It began in tears and now it is ending in them too.
Seven months ago, Rafael Benitez wept with joy at his unveiling as the new head coach of Real Madrid. This was a club that, even during his days on Merseyside, the madrileño was desperate to manage. He would be forgiven if, today, he wonders what he ever saw in his boyhood team.
Today Benitez was sacked after less than half a season in charge, being replaced by former France and Real great Zinedine Zidane who been in charge of the B team. Real president Florentino Perez announced Benitez's dismissal, who had a contract until June 2018, following a board meeting, with Zidane present at the news conference at the Bernabeu stadium.
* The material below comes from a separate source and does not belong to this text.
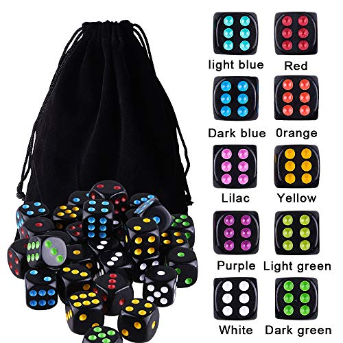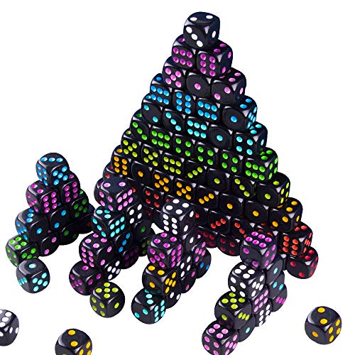 La confezione include: 100 pezzi di dadi neri a 6 facce, i pips in 10 colori diversi, 10 pezzi per ogni colore

Benitez will be understandably upset that it has ended in this way. He was better qualified to take the reins at the Santiago Bernabeu than most of those who did during the latter part of the last decade. While at Liverpool, despite his own and team’s limitations, he reached some remarkable heights and established himself as one of the continent’s most effective coaches.
Florentino Perez, the man who relieved him of his duties today, claims to have offered the 55-year-old the job in 2009, only to be spurned because of the affection he had for Liverpool. That he would leave Anfield less than a year later, with his favoured job sewn up by bitter rival Jose Mourinho, surely still hurts him to this day.
Not as much, though, as this dismissal will. "I'm returning home," Benitez told the media at his unveiling. "It's a unique opportunity. This is a difficult moment because I simply don't know how to describe the emotion."
"With work, commitment, I have a good work team, I hope it will go well, we will win," he added, through a sizeable lump in his throat.
"It's an exciting day. I've returned home. I'm already excited. I want to win trophies and for the team to play well, and I'm thankful for the trust placed in me."
That trust has expired. Real Madrid is a club obsessed by reputation and in the latter half of the 2000s, Benitez’s appointment did not quite ‘click’ in the way that it did last summer, with few other viable candidates around and despite the Spaniard’s relatively poor record since leaving Anfield.
Real Madrid is also a club that demands near-perfection, one where the margins between gainful employment and being bounced back onto the breadline are fine.
It could be argued that any manager who had drawn five and lost three in 25 games, including a heavy defeat in El Clasico, would have been shown the door. To sit in third place come the new year, too, is not up to standard. Those are the breaks at the Bernabeu.
It is, however, also true that no other manager would take this as hard as Rafael Benitez.